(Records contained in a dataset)

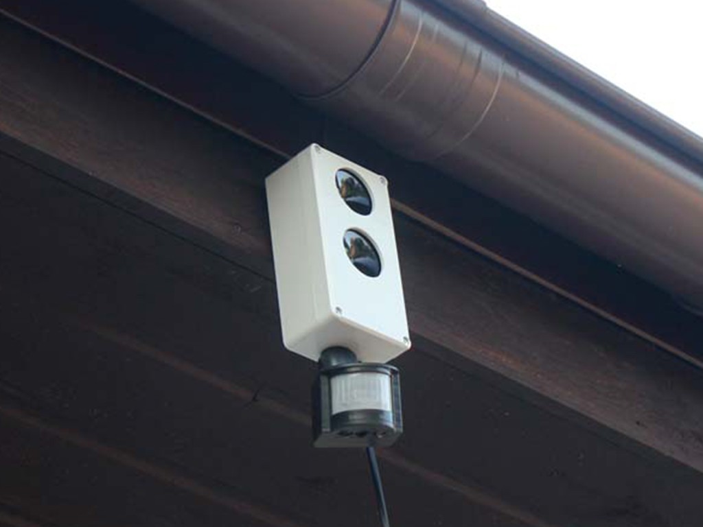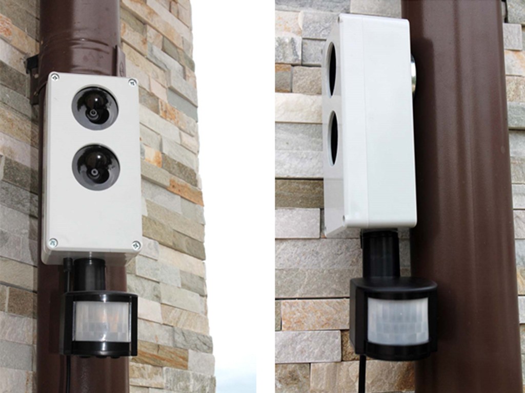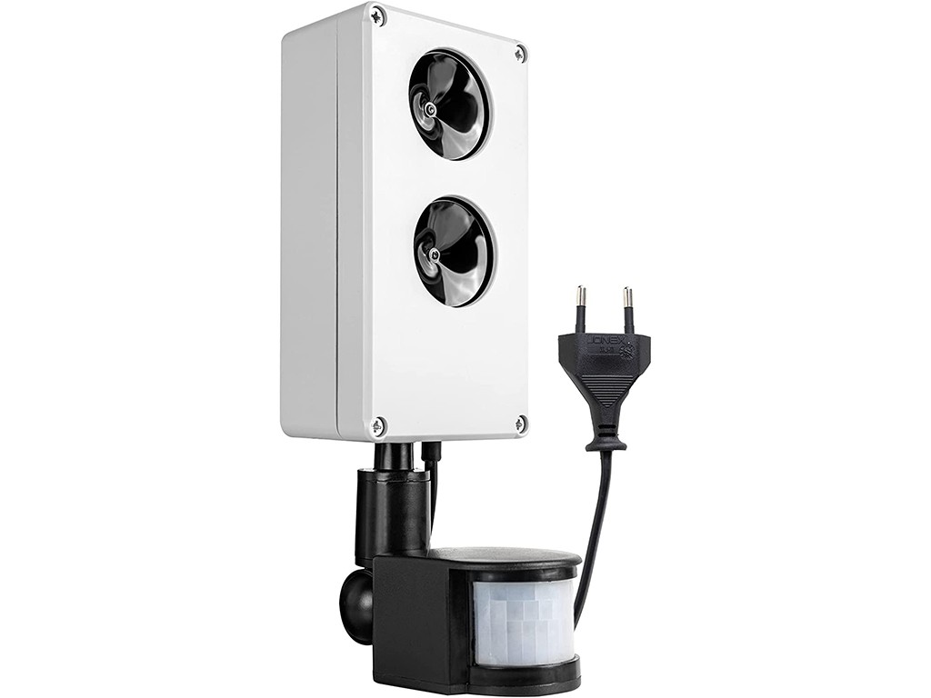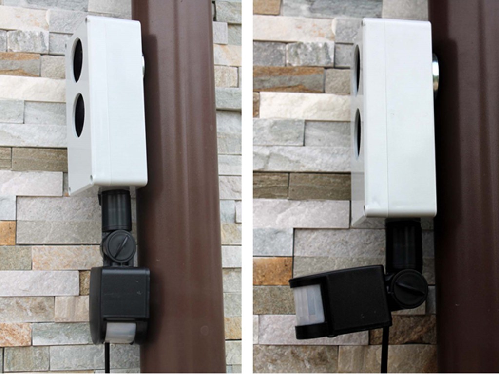 Model ten jest również wyposażony w czujnik ruchu działający w promieniu 12 m, co oznacza, że czujnik obejmuje obszar około 220 m² . Odstraszacz włącza się automatycznie po każdym ruchu zwierzęcia i wyłącza po ustawionym czasie. Czujnik posiada 3 ustawienia – czas działania, czułość i jasność.
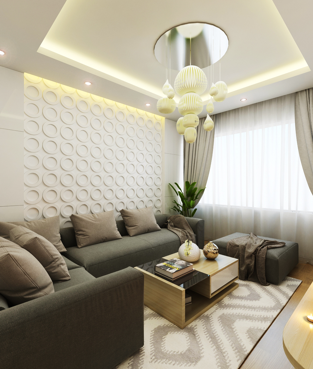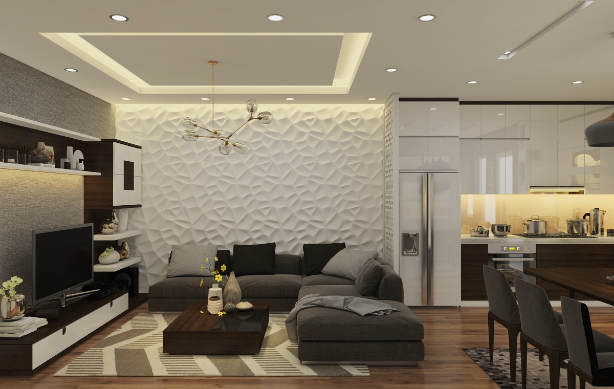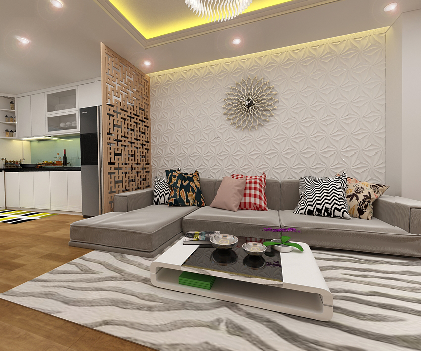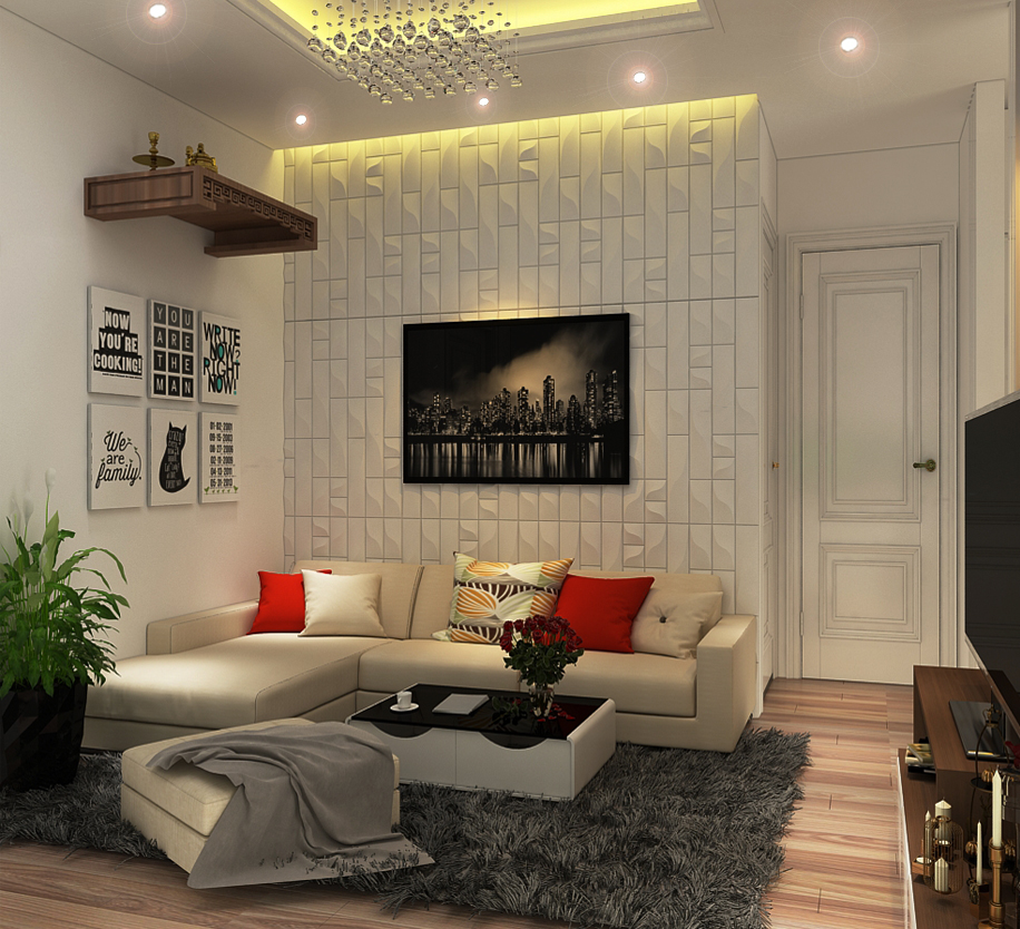 Mẫu 2: Thiết kế nội thất phòng khách chung cư luôn được chú trọng bởi nó là không gian trung tâm của ngôi nhà. Không chỉ là nơi tiếp khách mà còn là không gian sinh hoạt chung của gia đình, góp phần gắn kết các thành viên trong gia đình. Nội thất phòng khách sử dụng màu trắng chủ đạo với trần, tường và vách ốp 3D mang lại điểm nhấn cho không gian phòng khách. Các bức tranh treo tường tăng phần sinh sộng cho nội thất.
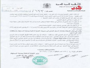 أصدر وزير التجارة الداخلية وحماية المستهلك عبد الله الغربي تعميما حصلت سورية الحدث على نسخة منه تضمن على عدم منح أي تاجر (سجل تجاري) إلا بعد تسجيله في غرف التجارة، الأمر الذي يُلزم التجار بالانتساب إلى غرف التجارة.
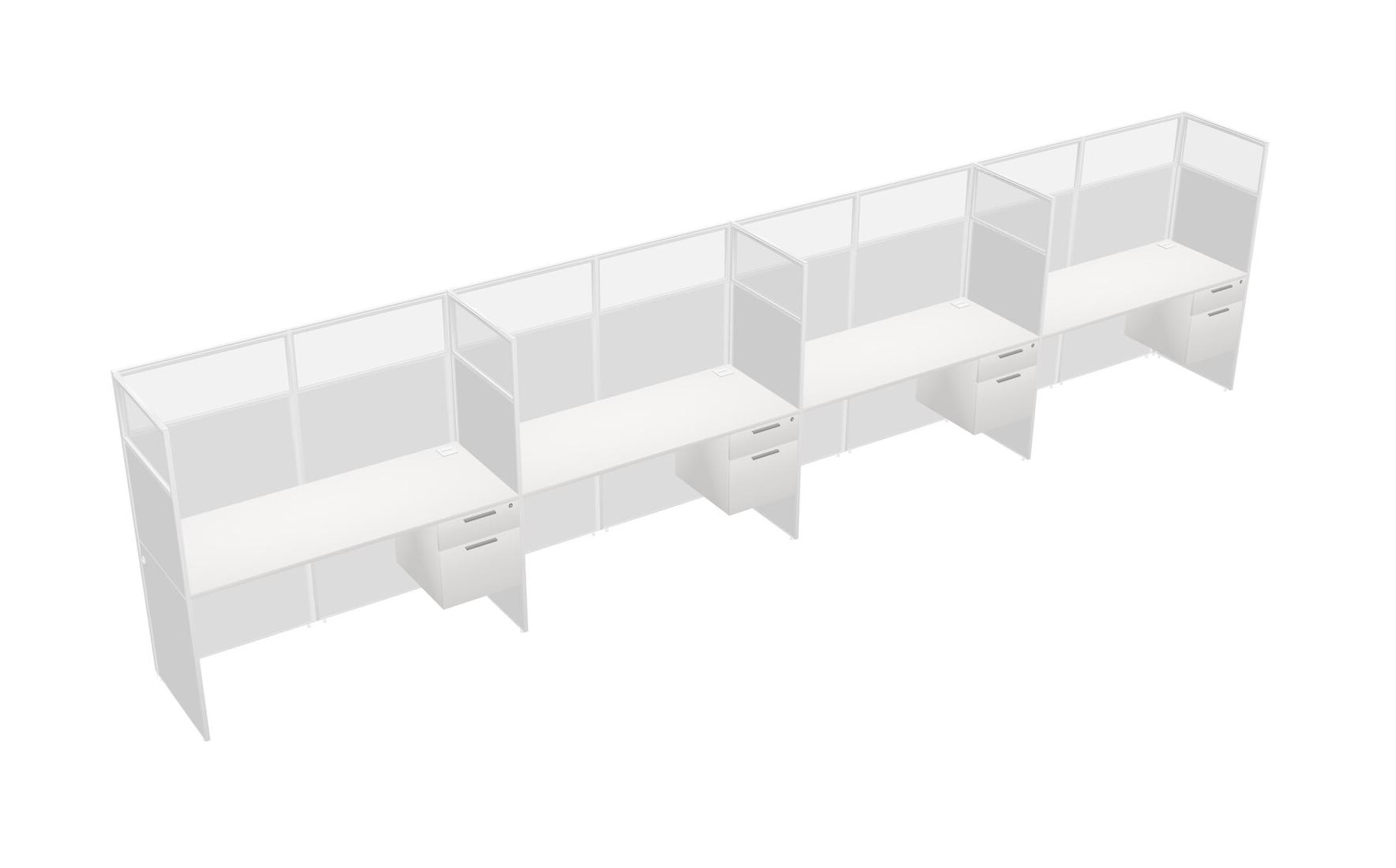 White Shared Rectangular Office Cubicle Panel System With Hanging Drawers For 4 Persons
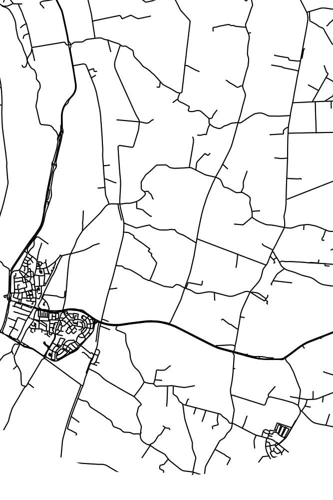 Zwart-witte landkaart, stratenplan of plattegrond van Wijhe. Wijhe is gelegen in de gemeente Olst-Wijhe, provincie Overijssel. Op de stadskaart zijn alle openbare wegen in Wijhe opgenomen. Verder is de kaart voorzien van de coördinaten van het centrum van Wijhe.
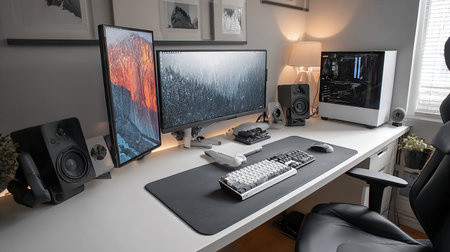 Explore a vibrant gaming setup in a cozy home office blending technology and art.
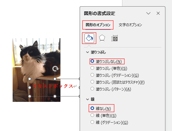- 線で「線なし」を選択して、テキストオックスの線を非表示にしました。
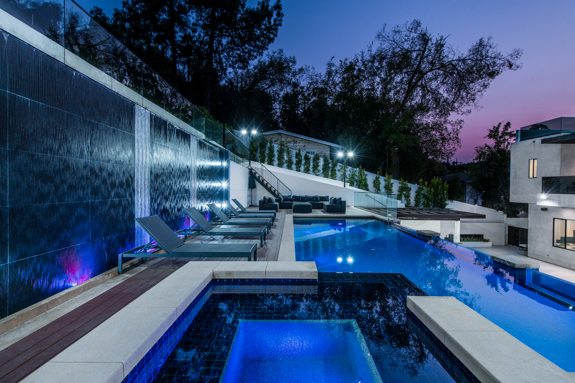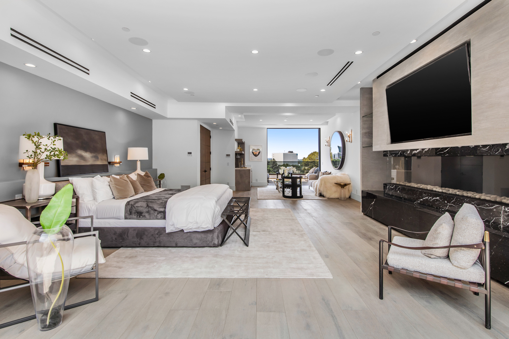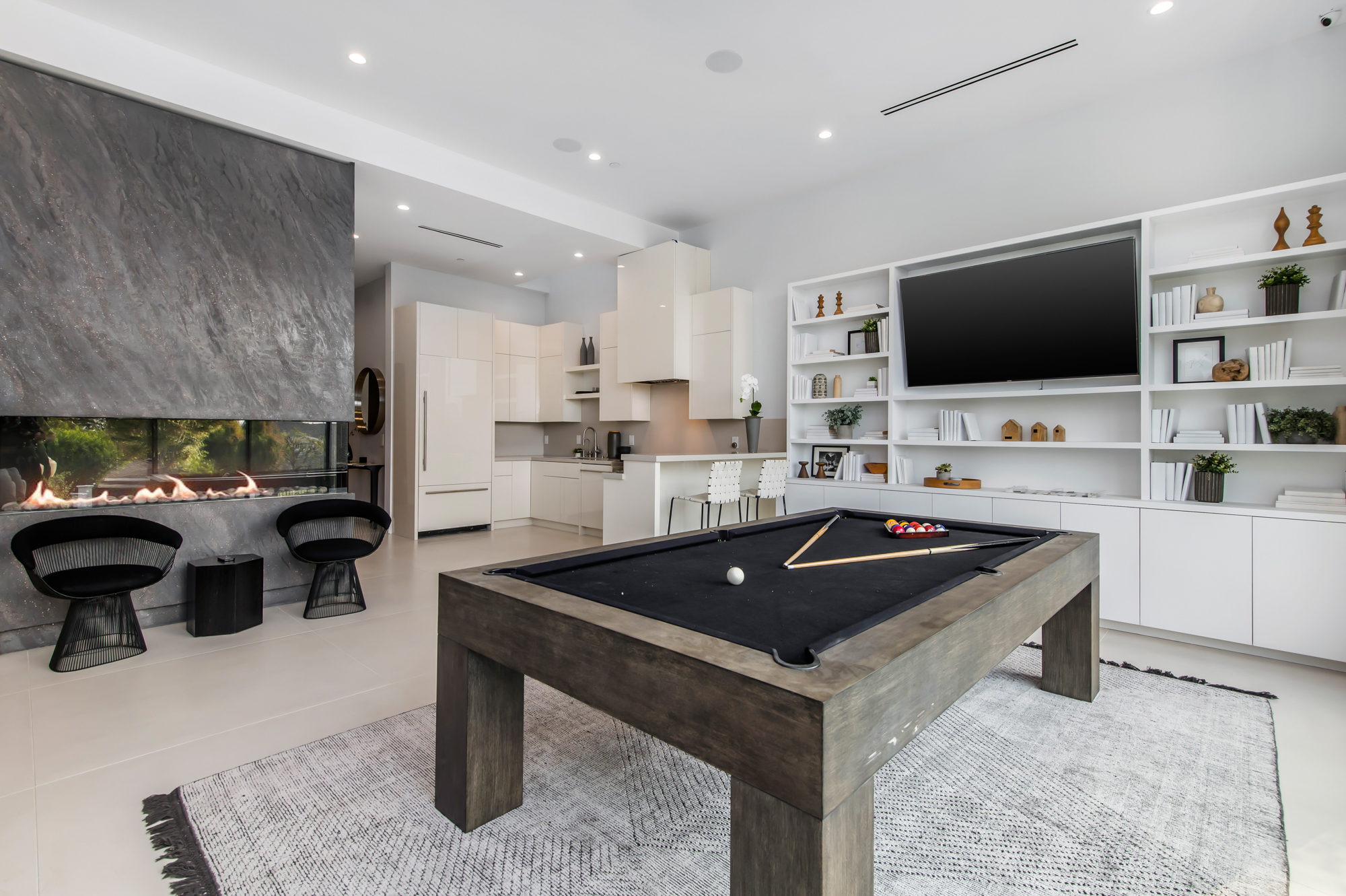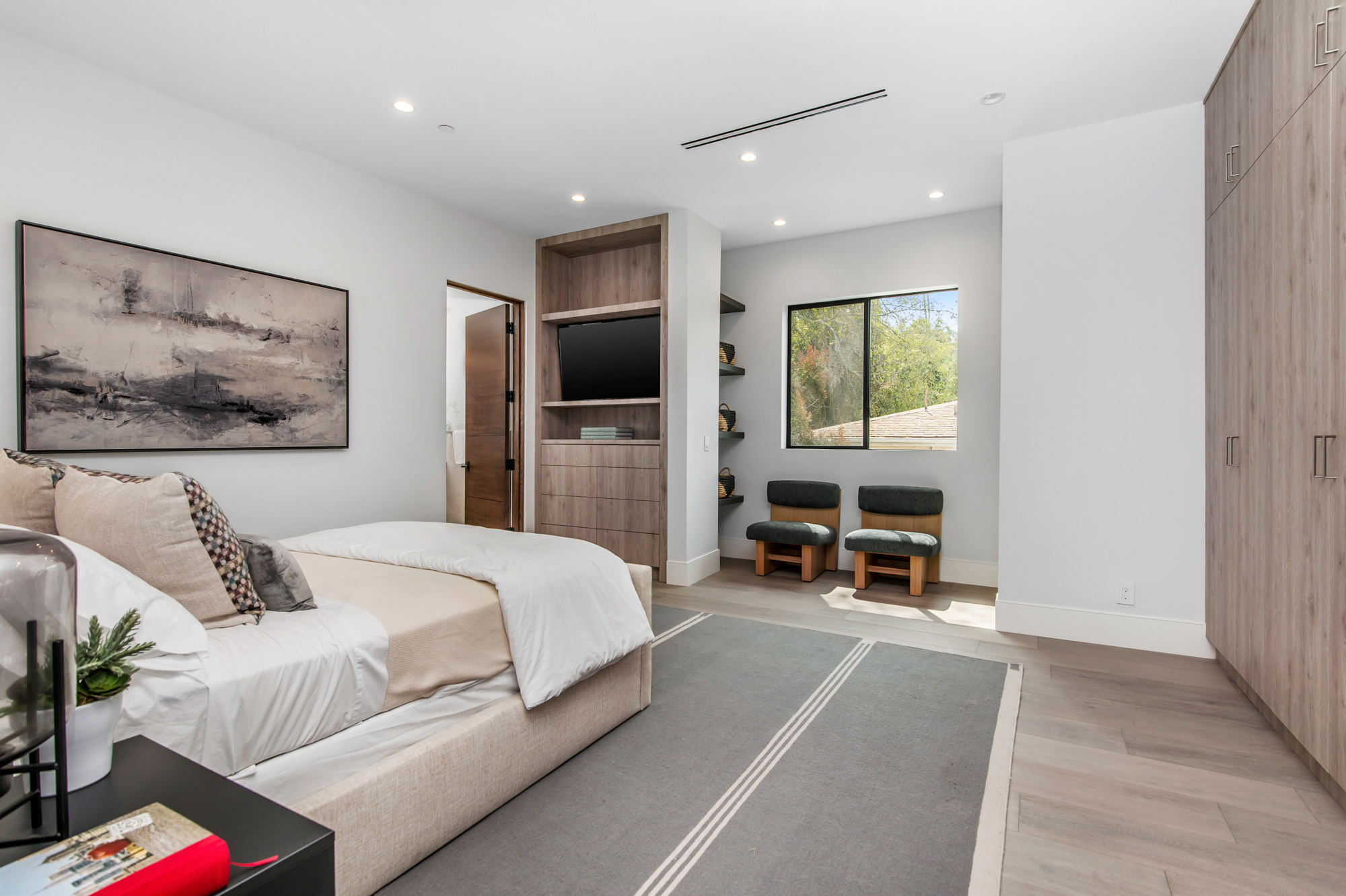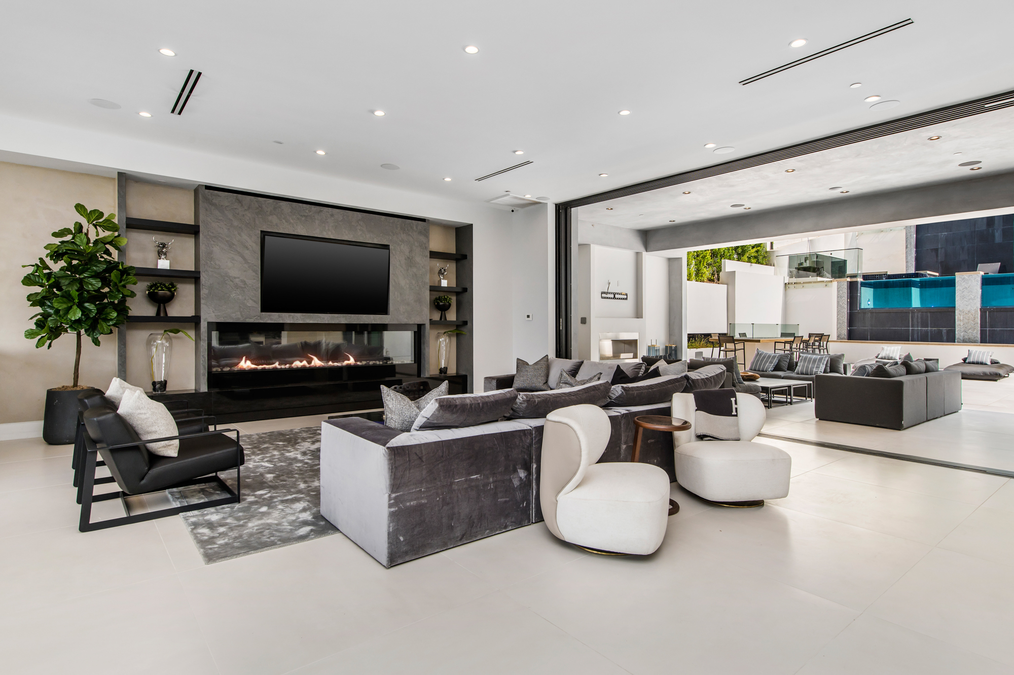 Situated on a prestigious street south of the Blvd, this contemporary modern estate is the newest gem in Sherman Oaks. Flawless at every angle, guests arrive to a multi-level entertainment statement property designed for the most discerning buyer. Inside guests are greeted w/ soaring ceilings & a floating glass staircase that adorns a large main foyer, overlooking the expansive floor plan. Sophisticated formal living room features a large stone linear fireplace, temperature controlled wine cellar, & floor to ceiling pocket sliding doors that open to the entertainer’s dream backyard. Elegant formal dining room offers a bar & opens to a patio w/ expansive views of the valley. Gourmet Chef’s kitchen features quartz counters, large center island w/ breakfast bar, breakfast nook & walk in pantry. Upstairs, the master retreat features a wet bar, fireplace, private balconies, spa-like master bath, & illuminated walk-in closet. Finally, a boasting rooftop deck w/ gym showcases 180 degree jetliner views of the valley. A second kitchen, media room & 4 additional guest suites complete this estate. Backyard sanctuary provides multi level seating areas, elevated sparkling pool & spa w/ transparent glass & cascading waterfalls, covered patio w/ fireplace, outdoor kitchen & elevated fire-pit bar. Additional amenities include Control4 smart system, security cameras, surround sound & elevator. Live a luxurious lifestyle that is within close proximity to shops, fine dining & more.

● Directions for this task
Would you output the lines above from the line holding "Mẫu 2: Thiết" up to and including the line holding "- 線で「線なし」を選択して、テキストオックスの線を非表示にしました。", exactly and only those, with no pictures?

● The answer
 Mẫu 2: Thiết kế nội thất phòng khách chung cư luôn được chú trọng bởi nó là không gian trung tâm của ngôi nhà. Không chỉ là nơi tiếp khách mà còn là không gian sinh hoạt chung của gia đình, góp phần gắn kết các thành viên trong gia đình. Nội thất phòng khách sử dụng màu trắng chủ đạo với trần, tường và vách ốp 3D mang lại điểm nhấn cho không gian phòng khách. Các bức tranh treo tường tăng phần sinh sộng cho nội thất.
 أصدر وزير التجارة الداخلية وحماية المستهلك عبد الله الغربي تعميما حصلت سورية الحدث على نسخة منه تضمن على عدم منح أي تاجر (سجل تجاري) إلا بعد تسجيله في غرف التجارة، الأمر الذي يُلزم التجار بالانتساب إلى غرف التجارة.
 White Shared Rectangular Office Cubicle Panel System With Hanging Drawers For 4 Persons
 Zwart-witte landkaart, stratenplan of plattegrond van Wijhe. Wijhe is gelegen in de gemeente Olst-Wijhe, provincie Overijssel. Op de stadskaart zijn alle openbare wegen in Wijhe opgenomen. Verder is de kaart voorzien van de coördinaten van het centrum van Wijhe.
 Explore a vibrant gaming setup in a cozy home office blending technology and art.
- 線で「線なし」を選択して、テキストオックスの線を非表示にしました。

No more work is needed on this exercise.